Michael, Oskar Schindler was also a compulsive adulterer, an incredibly heavy drinker and a highly unsuccessful businessman who relied for most of the latter part of his life on the generosity of the Schindler Jews.

No doubt he was an incredible man, but I think it reinforces Craig’s point- people are complex individuals, capable of both brilliance and villany. To me, that is what makes people fascinating- those who know only good and live like saints may be better people, but they make for boring copy.

Michael
14 years ago

Fair enough, man.

Okay, Mighty Mouse is a Hero.  Any objections??

BillyBeaneismyHero
14 years ago

Ron, you clearly don’t have any understanding of what an anxiety disorder is at all.  It’s not just about stress, although that is a big part of it.  It’s a chemical imbalance that causes people to feel varying degrees of fear and or anxiety.  This fear and anxiety frequently turns into major depression. 

To say something like, “Sounds like a guy who couldn’t handle pressure, then got his act together and is getting the job done,” comes off as ignorant.  Clearly his job isn’t as stressful as a cop or a firefighter.  Any moron can see that.  You’re failing to recognize that in all likelihood, it wasn’t his job that was causing his anxiety.  It was perhaps enhanced by it, but probably not caused by it.  Anxiety is a very real disorder.  Millions of people suffer from it to varying degrees.  He had every right to “walk out on his teammates” because it’s probably what he had to do to get his life back on track.

Ron
14 years ago

“Sounds like a guy who couldn’t handle pressure, then got his act together and is getting the job done,”

Is that what happened, or did I miss something? Like the interviews where Greinke said the same thing?

It’s easy to call someone a moron and ignorant. Insulting someone without knowing anything about them or their background is the same thing.

You guys can make Greinke out to be a hero all you want, but he’s not. He’s just a ballplayer.

Jim Abbott wasn’t a hero because he played baseball.
Jim Esienrich wasn’t a hero because he played baseball.
Bert Sheppard wasn’t a hero because he played baseball.
Tony Conigliaro wasn’t a hero because he played baseball.
Sal Maglie wasn’t a hero because he played baseball.

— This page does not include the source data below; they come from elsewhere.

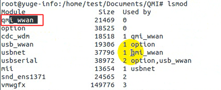 再insmod qmi_wwan.ko,之后可通过lsmod确认驱动加载成功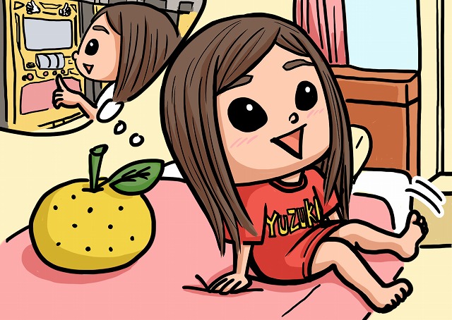 明日打ちに行くことを考えてワクワクしている倖田柚希のイラストです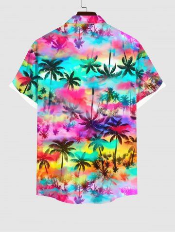 Hawaii Plus Size Turn-down Collar Colorful Ombre Galaxy Coconut Tree Print Button Pocket Shirt For Men - Multi-a - 4xl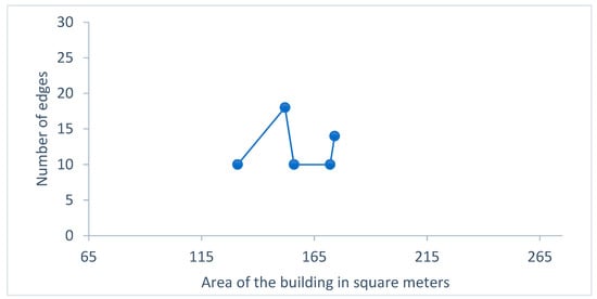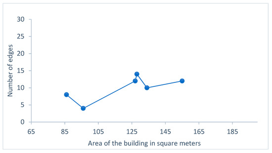 The research of Wu et al. [10,18] can be observed from two aspects. The first aspect is the analysis of the floor plans from traced from the real world [18] where examples are shown in area range of 75 to 125 square meters. The maximum value is 20, and the average is 11.46 edges per building. The second aspect is the analysis of the MIQP-based computer-generated layout [10]. This research presented a similar area range as previously mentioned, but the maximum value of edges is 16, and the average is 7. Results are shown in Figure 12.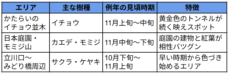 特に「イチョウ並木」と「日本庭園のカエデ」は見頃がズレるので、訪れる日で楽しみ方が変わります。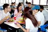 早餐时,吃饭的人还不是很多,可到了中午,来进餐的人就已经络绎不绝了。三楼上,有10多个餐桌围坐着吃饭的人,一楼就餐的人更多一些,从饮食中心得到的数据是,中午在一楼就餐的有500多人次。大家很高兴饮食广场又恢复了营业,几名厨工师傅排除“非典”,更使师生们对学校的各种预防措施增添了理解、信任和支持。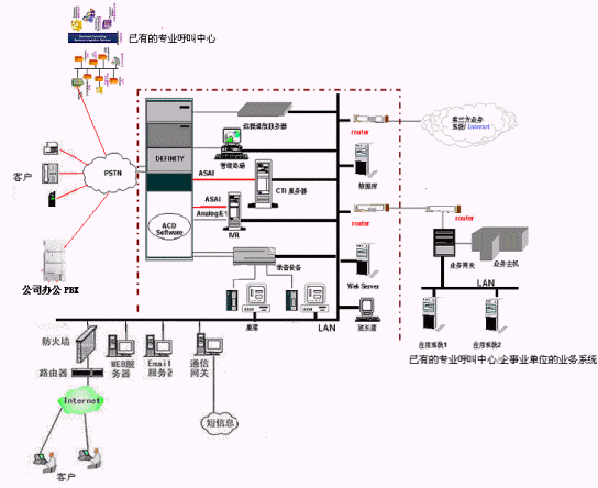 實(shí)現(xiàn)共享已有呼叫中心業(yè)務(wù)系統(tǒng)的資源:通過城域網(wǎng)或因特網(wǎng)實(shí)現(xiàn)與現(xiàn)有呼叫中心相關(guān)業(yè)務(wù)系統(tǒng)的連接與集成,諸如業(yè)務(wù)數(shù)據(jù)的提取等。一期工程留有相應(yīng)的接口。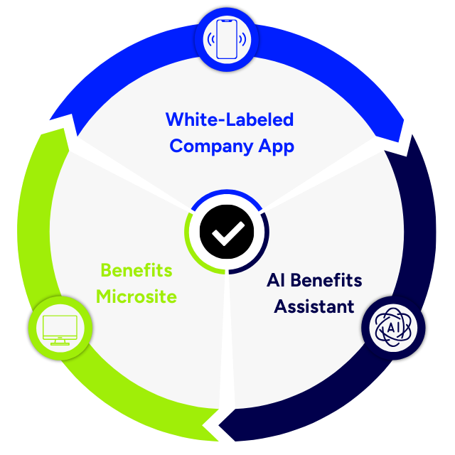 What’s the solution: Empower your workforce with a White-Labeled Company Benefits App that unifies all benefits, tools, and communications in a company-branded, easy-to-find, mobile-first experience—available in the app stores under your company name.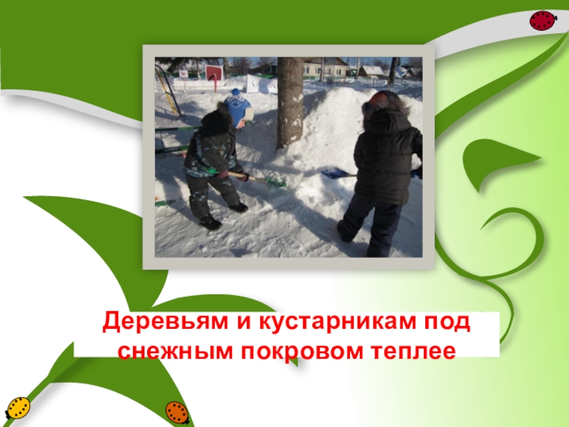 Слайд 18Деревьям и кустарникам под снежным покровом теплее

They were just ball players.

Too many people are try to make out Greinke is some sort of demi-god who can cure the ills of the world.

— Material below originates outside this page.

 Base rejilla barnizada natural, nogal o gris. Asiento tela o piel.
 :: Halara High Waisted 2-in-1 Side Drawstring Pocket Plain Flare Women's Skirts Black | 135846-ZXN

If you think he’s a hero because of what he went through, that’s your right. But he’s not.

And if you say he’s not a hero, then why is every story written about him lead with what he went through?

If it doesn’t matter, don’t say it.

Eddo
14 years ago

Nice post, Craig.  Reminds me of my favorite quote, from the esteemed Abraham Lincoln (who had a ton of flaws):

“It has been my experience that folks who have no vices have very few virtues.”